先日、保管していた取材手帳を整理中に、あるメモが目に留まった。尹錫悦政権発足直後、当時の与党関係者との会食時に書き留めたものだ。内容は、尹錫悦前大統領が2022年に訪米した際、ヘンリー・キッシンジャー元米国務長官と交わした非公開の対話記録だった。このメモは、李在明氏の最近の対日政策の変化を理解する上で重要な示唆を含んでいる。
キッシンジャー氏が尹錫悦前大統領に語った「現実」
キッシンジャー氏は尹前大統領に対し、かつてニクソン政権が中国とのデタント(緊張緩和)に取り組んだ経験について語ったという。キッシンジャー氏は、「尹錫悦政権が掲げる価値観外交の趣旨はよく分かる」としながらも、「国際社会の『現実』は『価値』だけでは対応できないことを常に念頭に置くべきだ」と説明したとされる。これは、国益のためならたとえ追求する価値が違ったとしても、敵と手を組むことも辞さない「現実政治」の大家らしい助言と言える。
歴史的先例:ニクソンによる中国とのデタント
1970年代、当時のリチャード・ニクソン米大統領は、安全保障担当補佐官だったキッシンジャー氏を特使として中国に派遣するなど、極秘の外交を通じて「竹のカーテン」を開いた。1949年の冷戦初期に中国が共産化した際、米国は中華民国(台湾)を合法的な政府として認め、中華人民共和国とは激しく敵対していた。さらに、6・25戦争(朝鮮戦争)や第一次・第二次の台湾海峡危機などを経て、米中関係は極度に悪化した状態が続いていたのだ。ところが、1960年代末に中国とソ連の対立が表面化すると、ニクソン大統領はこれを地政学的な好機と捉え、中国を取り込むことでソ連を牽制しようと考えた。これは、過去の敵対関係に囚われず、現在と将来の国益に集中した大胆な決断だった。1972年のニクソン大統領訪中、毛沢東主席や周恩来首相との会談、そして米中国交正常化に向けた合意を記した「上海コミュニケ(共同声明)」は、当時としては極めて異例であり、ニクソン大統領の主要な功績の一つとされている。徹底した反共主義者であったニクソンだからこそ、この歴史的な政策転換はより注目を浴びたのだ。
李在明氏の過去の強硬な対日スタンス
一方、李在明氏はこれまで強硬な反日主義者として知られてきた経緯がある。城南市長だった当時、「日本は軍事的に敵性を解消したとは言い難い」と発言。共に民主党代表時には、韓米日合同軍事演習を強く批判し、「日本軍による韓半島進駐、旭日旗が韓半島に再び掲げられる日が来るかもしれない」とまで語ったことがある。強制徴用賠償など歴史問題に関しても、「不当な歴史侵略に対して大韓民国の名で、国民の名で全面戦を宣布しなければならない」と主張するなど、実際にはこれ以上に過激な発言も少なくなかった。
大統領就任後の「実用的観点」への転換
そうした過去の言動とは対照的に、李在明氏が韓国大統領に就任後、最初の記者会見で「(対日政策は)実用的観点が必要」との考えを示したことは注目に値する。さらに、今月17日の日韓首脳会談では、日本と韓国は「家の前の庭を一緒に使う隣人」として「未来志向の関係構築」を呼びかけた。これらの発言を受け、外交関係者の間からは「え?何?」「意外だ」といった驚きの声が上がる一方、「もう少し見守る必要がある」と様子見する雰囲気が支配的となっている。

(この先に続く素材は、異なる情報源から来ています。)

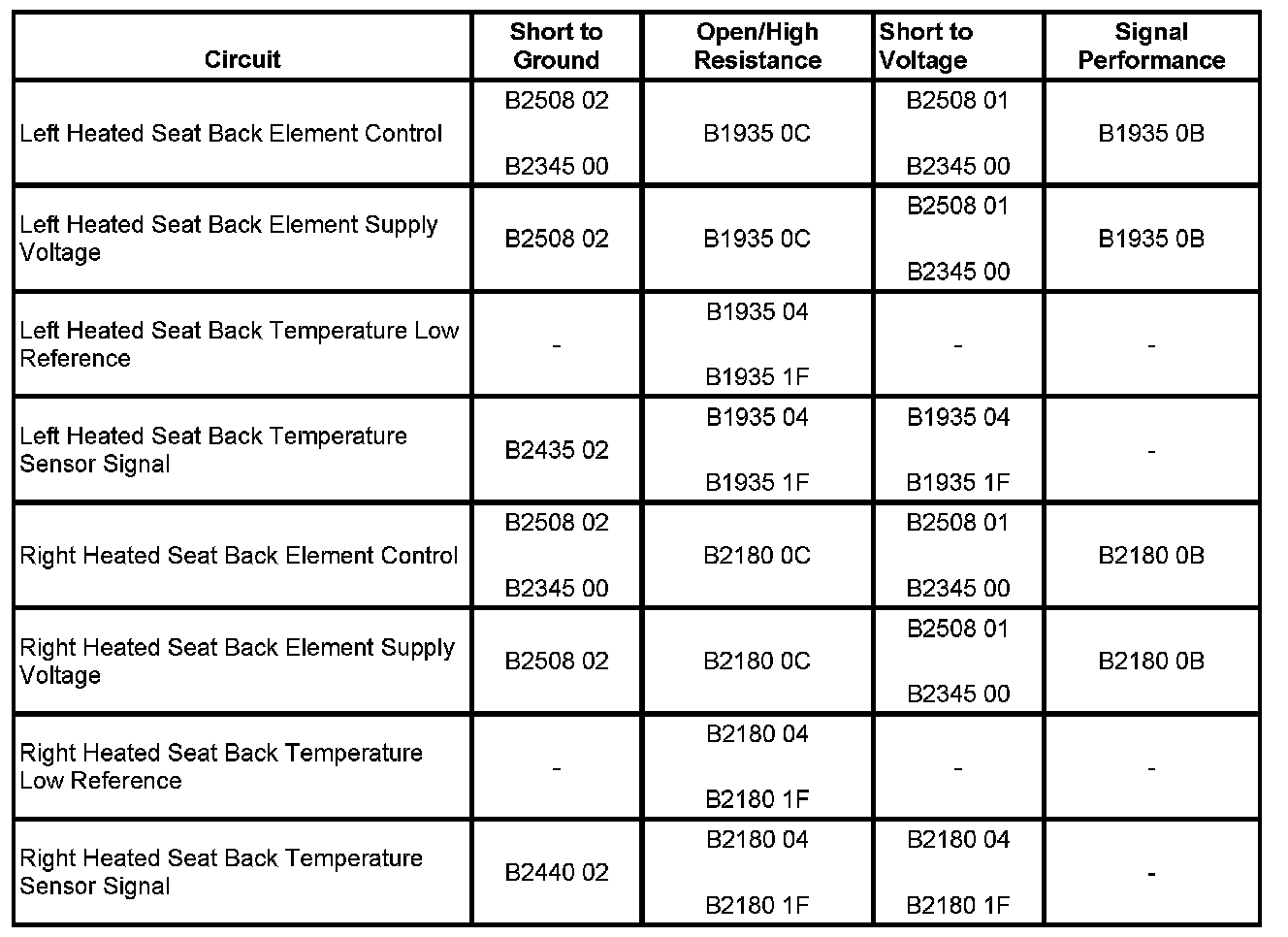 ^ If greater than 300K ohms, test the signal circuit and low reference circuit for an open/high resistance. If the circuits test normal, replace the seat back heater element.

李在明大統領の対日政策転換と日韓関係の将来を象徴するイラスト
強硬派が融和策を使う効果:ゲーム理論からの示唆
強硬な姿勢で知られる人物が融和的な政策を用いる場合、「本心に見える効果」が生まれ、交渉力や推進力が倍増するというゲーム理論における分析がある。ハーバード大学のジョセフ・ナイ教授は、その著書「ソフトパワー」の中で、「反共主義者のニクソンだったからこそ、米中国交回復という外交政策の大胆な転換に必要な政治的費用を少なく抑えられた」と説明している。これは、本来の立場と異なる方向への転換が、かえってその人物の決意や政策の重要性を強調し、受け入れられやすくする効果を示唆している。
今後の焦点:李在明氏による日韓関係の「デタント」なるか
キッシンジャー氏がニクソンを支えたように、李在明大統領が今後、日本との関係において、過去の対立を乗り越え、新たなデタントの道を開くのかどうかに注目が集まっている。彼のこれまでの強硬なイメージと、大統領としての「実用的観点」に基づく政策決定との間のギャップが、日韓関係の未来にどのような影響を与えるのかが今後の大きな焦点となるだろう。